What you should do ▸ Within the entries below, please return exactly the lines from the one with "După o jumătate" through the one with "Via de trap", leaving out any pictures.

Data to process section start

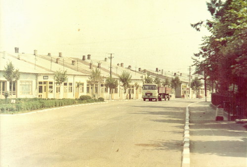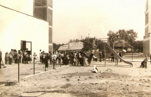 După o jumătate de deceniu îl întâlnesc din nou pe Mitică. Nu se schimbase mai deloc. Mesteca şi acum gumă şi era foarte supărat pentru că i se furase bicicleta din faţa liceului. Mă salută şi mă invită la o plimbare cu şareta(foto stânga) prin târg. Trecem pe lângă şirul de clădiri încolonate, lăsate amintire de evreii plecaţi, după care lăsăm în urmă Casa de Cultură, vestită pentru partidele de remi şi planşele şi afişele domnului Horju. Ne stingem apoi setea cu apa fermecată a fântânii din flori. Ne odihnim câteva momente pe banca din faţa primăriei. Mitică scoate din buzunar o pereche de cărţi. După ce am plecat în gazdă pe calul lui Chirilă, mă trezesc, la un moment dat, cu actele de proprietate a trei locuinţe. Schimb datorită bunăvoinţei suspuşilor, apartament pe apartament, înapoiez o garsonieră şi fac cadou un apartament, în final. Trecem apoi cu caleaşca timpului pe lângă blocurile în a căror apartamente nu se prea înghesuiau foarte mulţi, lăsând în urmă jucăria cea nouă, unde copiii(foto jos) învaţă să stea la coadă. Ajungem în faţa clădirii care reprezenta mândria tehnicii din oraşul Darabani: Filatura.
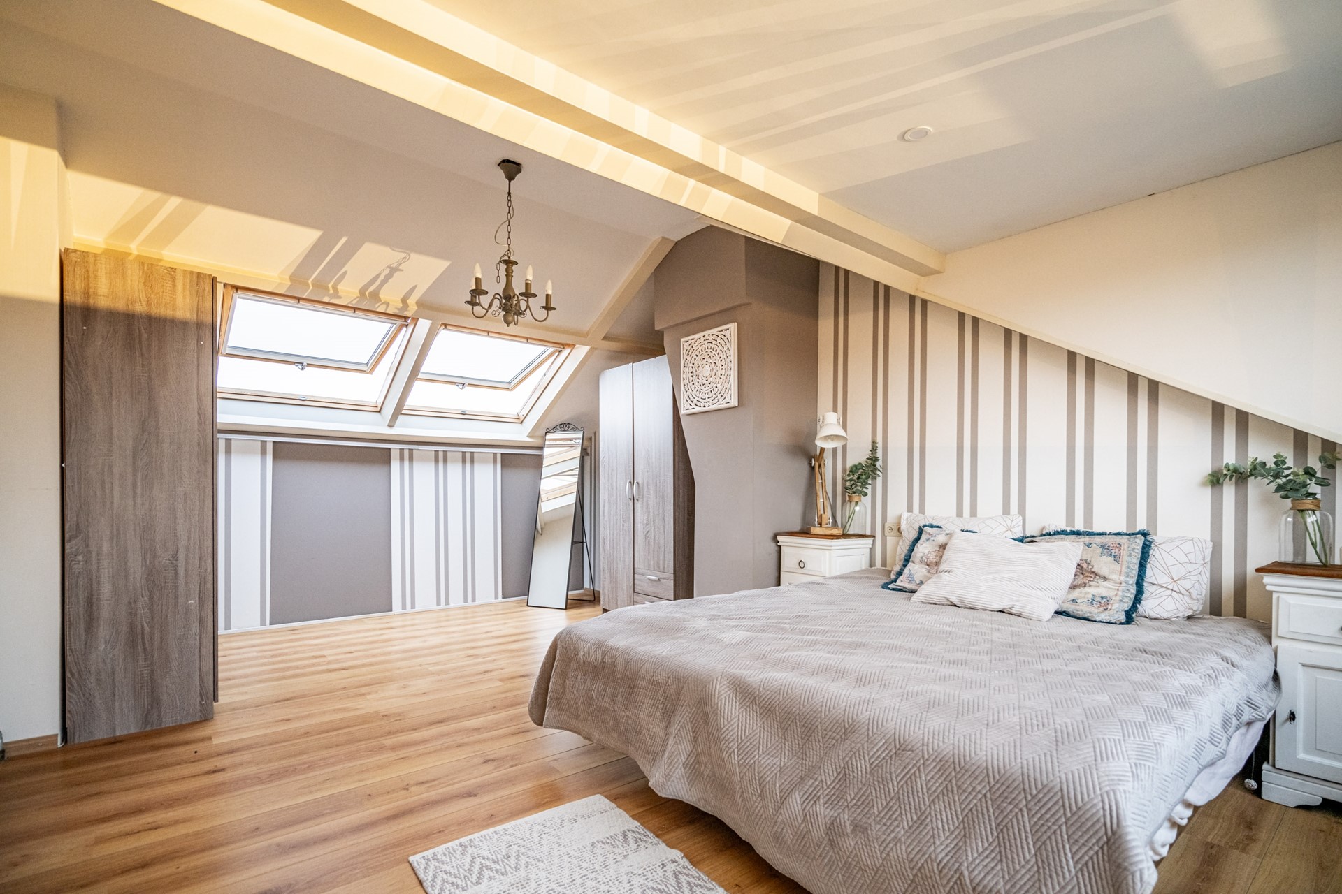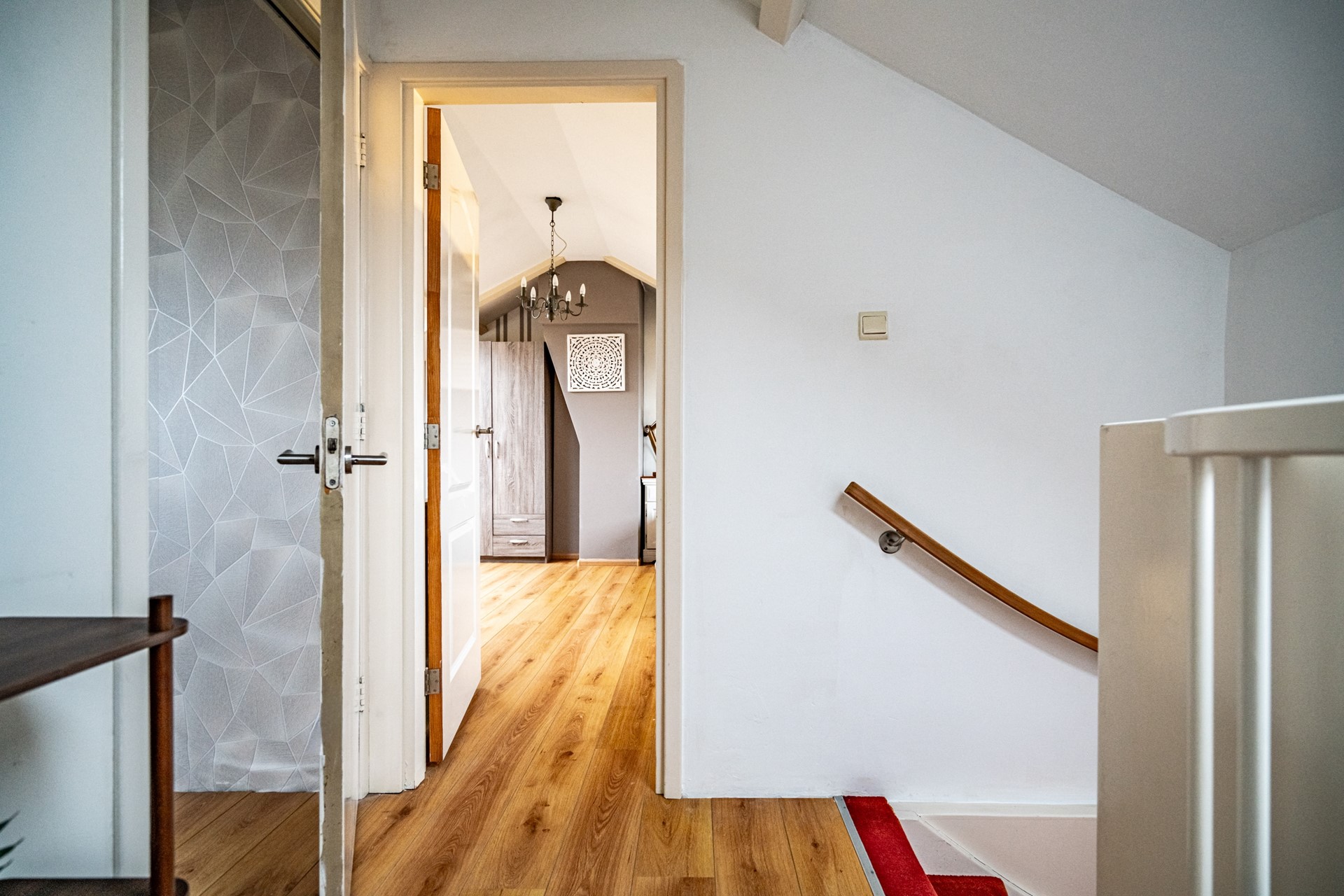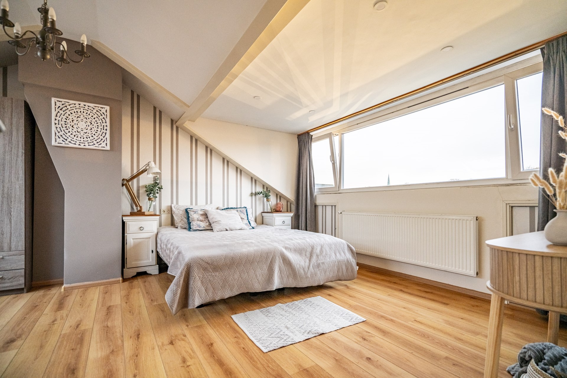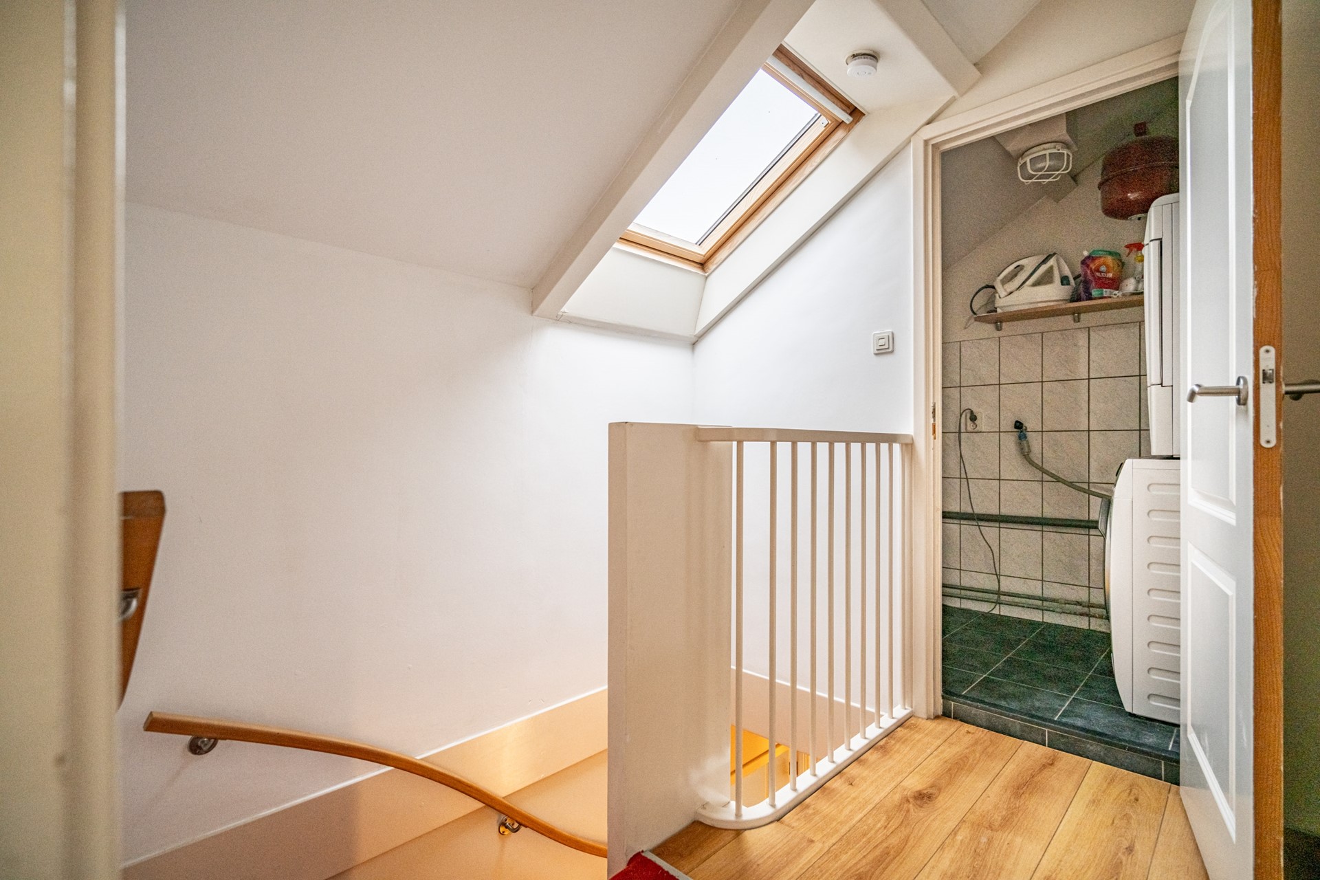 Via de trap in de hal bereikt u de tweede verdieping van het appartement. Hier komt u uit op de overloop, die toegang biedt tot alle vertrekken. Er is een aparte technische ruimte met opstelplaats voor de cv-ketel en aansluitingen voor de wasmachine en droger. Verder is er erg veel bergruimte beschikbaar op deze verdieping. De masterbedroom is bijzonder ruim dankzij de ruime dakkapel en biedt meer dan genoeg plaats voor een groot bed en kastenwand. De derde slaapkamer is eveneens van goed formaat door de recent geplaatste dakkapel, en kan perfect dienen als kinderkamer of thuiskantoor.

Data to process section end
Data to process section start

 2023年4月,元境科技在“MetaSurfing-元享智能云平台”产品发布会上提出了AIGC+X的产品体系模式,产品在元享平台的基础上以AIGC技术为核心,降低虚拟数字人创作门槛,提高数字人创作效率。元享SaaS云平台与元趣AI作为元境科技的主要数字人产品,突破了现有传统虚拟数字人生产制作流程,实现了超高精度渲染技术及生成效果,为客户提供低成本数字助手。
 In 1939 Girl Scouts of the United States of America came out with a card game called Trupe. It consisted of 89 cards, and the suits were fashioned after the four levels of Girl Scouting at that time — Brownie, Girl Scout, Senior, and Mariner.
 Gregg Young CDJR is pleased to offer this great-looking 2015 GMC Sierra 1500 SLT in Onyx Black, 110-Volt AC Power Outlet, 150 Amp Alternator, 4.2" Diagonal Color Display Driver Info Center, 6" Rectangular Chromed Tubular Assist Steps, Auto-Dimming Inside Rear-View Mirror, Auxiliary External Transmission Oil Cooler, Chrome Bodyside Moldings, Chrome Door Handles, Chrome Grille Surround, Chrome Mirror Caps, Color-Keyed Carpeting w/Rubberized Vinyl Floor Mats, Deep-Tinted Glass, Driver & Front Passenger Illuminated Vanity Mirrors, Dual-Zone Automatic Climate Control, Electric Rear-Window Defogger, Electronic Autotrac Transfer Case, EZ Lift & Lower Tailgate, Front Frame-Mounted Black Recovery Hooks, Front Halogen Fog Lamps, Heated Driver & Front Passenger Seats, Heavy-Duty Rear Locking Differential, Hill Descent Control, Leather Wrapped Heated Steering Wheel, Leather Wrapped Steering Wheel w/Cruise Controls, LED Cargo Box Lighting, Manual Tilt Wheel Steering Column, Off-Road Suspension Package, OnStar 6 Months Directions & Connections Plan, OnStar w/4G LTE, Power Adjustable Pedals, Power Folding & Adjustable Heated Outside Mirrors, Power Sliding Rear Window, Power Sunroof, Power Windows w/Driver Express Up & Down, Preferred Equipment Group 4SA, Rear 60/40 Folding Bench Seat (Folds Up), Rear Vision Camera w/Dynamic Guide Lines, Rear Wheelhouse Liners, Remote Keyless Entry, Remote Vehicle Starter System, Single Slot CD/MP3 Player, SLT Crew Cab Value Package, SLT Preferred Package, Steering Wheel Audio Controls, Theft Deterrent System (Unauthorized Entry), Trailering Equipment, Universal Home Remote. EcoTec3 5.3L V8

Data to process section end

Solved exercise ▸
 După o jumătate de deceniu îl întâlnesc din nou pe Mitică. Nu se schimbase mai deloc. Mesteca şi acum gumă şi era foarte supărat pentru că i se furase bicicleta din faţa liceului. Mă salută şi mă invită la o plimbare cu şareta(foto stânga) prin târg. Trecem pe lângă şirul de clădiri încolonate, lăsate amintire de evreii plecaţi, după care lăsăm în urmă Casa de Cultură, vestită pentru partidele de remi şi planşele şi afişele domnului Horju. Ne stingem apoi setea cu apa fermecată a fântânii din flori. Ne odihnim câteva momente pe banca din faţa primăriei. Mitică scoate din buzunar o pereche de cărţi. După ce am plecat în gazdă pe calul lui Chirilă, mă trezesc, la un moment dat, cu actele de proprietate a trei locuinţe. Schimb datorită bunăvoinţei suspuşilor, apartament pe apartament, înapoiez o garsonieră şi fac cadou un apartament, în final. Trecem apoi cu caleaşca timpului pe lângă blocurile în a căror apartamente nu se prea înghesuiau foarte mulţi, lăsând în urmă jucăria cea nouă, unde copiii(foto jos) învaţă să stea la coadă. Ajungem în faţa clădirii care reprezenta mândria tehnicii din oraşul Darabani: Filatura.
 Via de trap in de hal bereikt u de tweede verdieping van het appartement. Hier komt u uit op de overloop, die toegang biedt tot alle vertrekken. Er is een aparte technische ruimte met opstelplaats voor de cv-ketel en aansluitingen voor de wasmachine en droger. Verder is er erg veel bergruimte beschikbaar op deze verdieping. De masterbedroom is bijzonder ruim dankzij de ruime dakkapel en biedt meer dan genoeg plaats voor een groot bed en kastenwand. De derde slaapkamer is eveneens van goed formaat door de recent geplaatste dakkapel, en kan perfect dienen als kinderkamer of thuiskantoor.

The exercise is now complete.